We tried to understand how come the preventer had gone loose? Preventer is the sheet (rope) being attached to the end of the bom in to the side of the boat by the mast, in order to prevent a gybe. However the strap holding the preventer to the bom was gone! We were lucky as this strap was also holding the main sheet, but for safety reasons we had double strapped the main sheet to the bom. If not the bom would have been totally loose going back and forth in a crazy speed risking to brake other things or hurt us. Jörgen fixed this easily with another strap, now more tightened.

 

The day after while Jörgen was sleeping and Louise was on the watch, suddenly the genua just fell down on deck and in the water! Louise woke up Jörgen and managed to get the genua out from the water on deck. It was the schackel holding the haylward that had broken…. ok so more things to fix once arriving in the next anchorage.     

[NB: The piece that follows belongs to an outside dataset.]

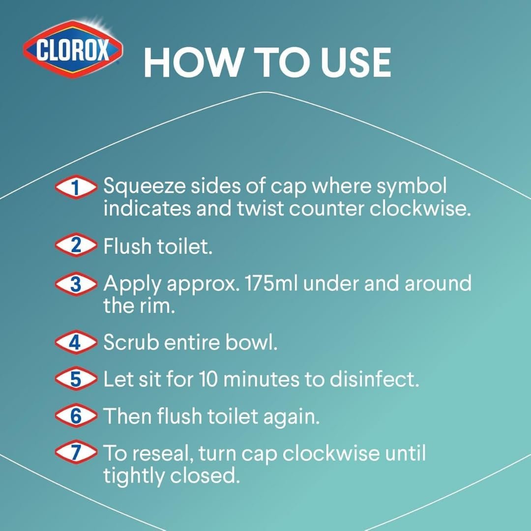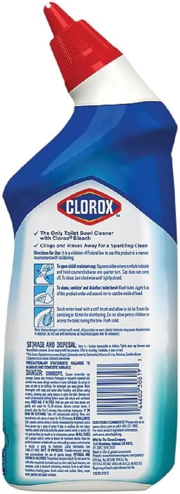 Whitens and Deodorizes: Whitens and brightens your toilet bowl with the power of Clorox Bleach, leaving a fresh Ocean Mist scent while the thick gel formula clings to the bowl for deep cleaning and stain removal.

All in all, the last 36 hours of the sailing to Suwarrow was pretty tough. The wind continued to blow very hard, up to 25 knots of wind with more rain, dark clouds and more wind. These two last nights were very hard on us and neither Jörgen nor Louise got much sleep. Sailing in rough waves during day and night we did approx 8-9 knots constantly. We were exhausted when we finally arrived in Suwarrow!